If you’re interested, you can download the whole shebang here:

www.osmosian.com/cal-4700.zip

It’s a small Windows program, less than a megabyte in size. But it’s a complete development environment, including a unique interface, a simplified file manager, an elegant text editor, a handy hexadecimal dumper, a native-code-generating compiler/linker, and even a wysiwyg page layout facility (that we used to produce the documentation). It is written entirely in Plain English. The source code (about 25,000 sentences) is included in the download. No installation is necessary; just unzip. Start with the “instructions.pdf” in the “documentation” directory and before you go ten pages you won’t just be writing “Hello, World!” to the screen, you’ll be re-compiling the entire thing in itself (in less than three seconds on a bottom-of-the-line machine from Walmart).

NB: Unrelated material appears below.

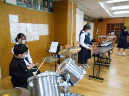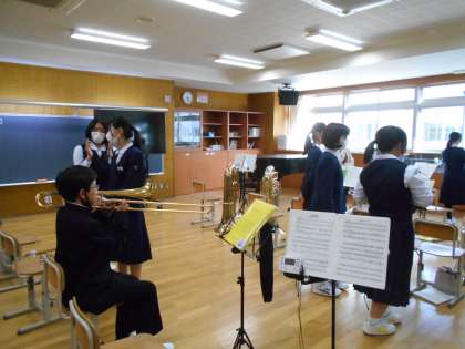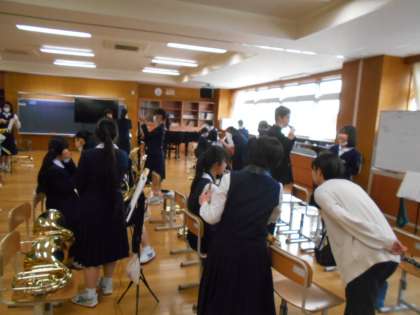 吹奏楽部でも、たくさんの1年生が体験していました。音が出ると楽しいようでとてもよい表情が見られました。みんな入部してくれることを期待しています。

Thanks for your time and interest.


Gerry Rzeppa
Grand Negus of the Osmosian Order of Plain English Programmers


Dan Rzeppa
Prime Assembler of the Osmosian Order of Plain English Programmers

13 thoughts on “Plain English Programming

  1. I am in general agree with your ideas. At least there something tempting to have that technology which could translate plain English to instructions for computer. Given the obvious questions regarding practicality I have following questions:
    1. Do you attempt to convert existing code to plain English in automated fashion? I imagine that for C code that could give very interesting results.
    2. How complex data types like struct could be defined? I do not see examples for that. Data structures could be loosely named as “object” or “abstractions” from real world which has some properties.
    3. Next point would be related to classes. How to effectively model them as combination of aforementioned “objects” and declared operations on them.
    4. Once we declare operations on objects, given the loose nature of Plain English there should be polymorphic calls defined somehow.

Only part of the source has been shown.